Representative Hardy was also chairman of his own Foreign Operations and Monetary Affairs Subcommittee. This subcommittee (of the House Government Operations Committee) was responsible for investigating the handling of more than 60 billion dollars in foreign aid by the State Department and the International Cooperation Administration (ICA).

The Hardy subcommittee had a small staff of a half dozen headed by John T. Reddan, the chief counsel. Under the best circumstances, Hardy knew that they would be able to look into only a few reports of mismanagement or fraud. But a little scrutiny should soon tell whether the internal investigations of ICA were being conducted in such a manner that the Congress could rely on ICA to police itself.

To find out how well ICA was performing, it was necessary to examine the files of complaints of fraud or mismanagement and to determine how these complaints were being followed up by ICA investigators. But the ICA barred Hardy’s committee staff members from examining the investigation files as well as the evaluation reports ICA was making on its own operations. Such files, Chairman Hardy was told, would contain “advice, recommendations and conclusions,” and, according to President Eisenhower’s May 17, 1954, letter, therefore, could not be released.

The investigation proceeded nonetheless. It was slow work, but with patience and persistence Chief Counsel Reddan, Counsel Richard Bray, Jr., Counsel Miles Q. Romney, and Investigator Walton Woods pieced together the information ICA had denied them. They got it by interviewing former government employees, examining the files of business firms with government contracts, and taking trips to other lands to personally examine foreign-aid spending.

The little country of Laos in southeast Asia was one of the first on which they concentrated. The picture was not pretty. The administration of U.S. aid was creating at least as many problems as it was trying to solve.

The aid program in Laos started in January 1955, when that nation was granted its full independence. Laos had been a part of French Indochina with Cambodia and Vietnam. Independence for Laos had meant that the United States took over the support of its entire military budget—41 million dollars in 1955, 47 million dollars in 1956, 43 million dollars in 1957, and 30 million dollars in 1958. Most of it went to support a 25,000-man army. The subcommittee later concluded that this military aid plus about 1.5 million dollars annually in economic assistance added up to the fact that the United States was “virtually supporting the entire economy.”

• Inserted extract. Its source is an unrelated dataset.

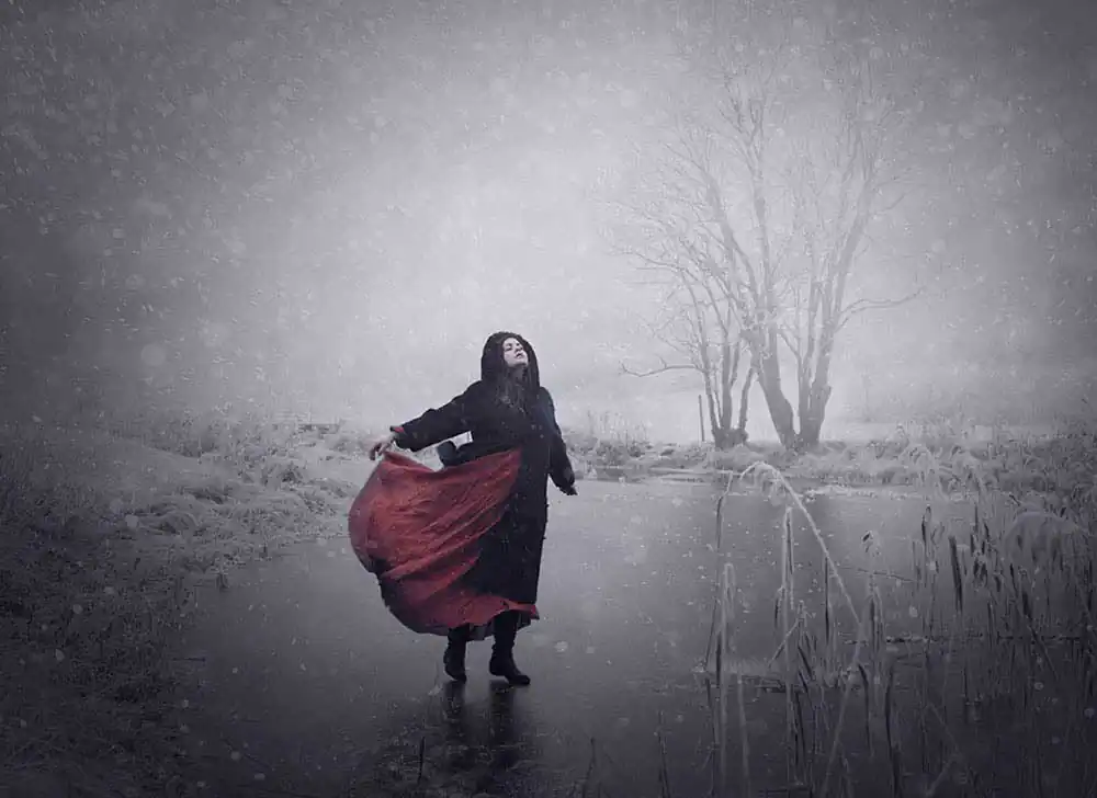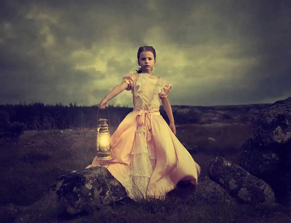 The color red is a common thread that binds several of the images together. It represents her bloodline, flesh and roots that interacts with the bleak nordic landscape. The lanterns in the images guides the subjects through the dark landscape. The subjects immerse themselves in their surroundings, becoming one with nature. Maren included an image of her daughter in the series in order to show how the Scandinavian nature affects different generations. Her own childhood was deeply affected by the darkness during the winter and often triggered her depression. The image of Emily talks about Maren’s fear for her daughter. Will she inherit her mother’s sensitivity to the dark months?

As early as June 1957, the subcommittee received reports indicating the foreign-aid program in Laos was being damaged by waste, inefficiency, and poor judgment. After preliminary inquiries, the formal investigation was started on April 10, 1958.

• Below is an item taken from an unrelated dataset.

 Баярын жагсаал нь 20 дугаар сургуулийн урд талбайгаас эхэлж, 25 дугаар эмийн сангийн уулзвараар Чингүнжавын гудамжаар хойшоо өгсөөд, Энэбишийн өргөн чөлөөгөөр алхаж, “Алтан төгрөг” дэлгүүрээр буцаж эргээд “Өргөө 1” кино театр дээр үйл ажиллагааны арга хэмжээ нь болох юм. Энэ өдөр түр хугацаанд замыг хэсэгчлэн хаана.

The requests for ICA files on Laos foreign-aid spending were rejected by ICA Director James W. Riddleberger. The ICA also barred Chairman Hardy from files on India, Bolivia, Brazil, and Guatemala.

A few months later, the ICA refused to let the GAO auditors see the files on Laos.

Chairman Hardy was irked with the frustration, but downright furious at what he considered to be a disregard of the law. Certainly the ICA reports on Laos should be made available to the GAO, for the Budgeting and Accounting Act of 1921 provided explicitly that all records of all departments must be made available to the GAO auditors.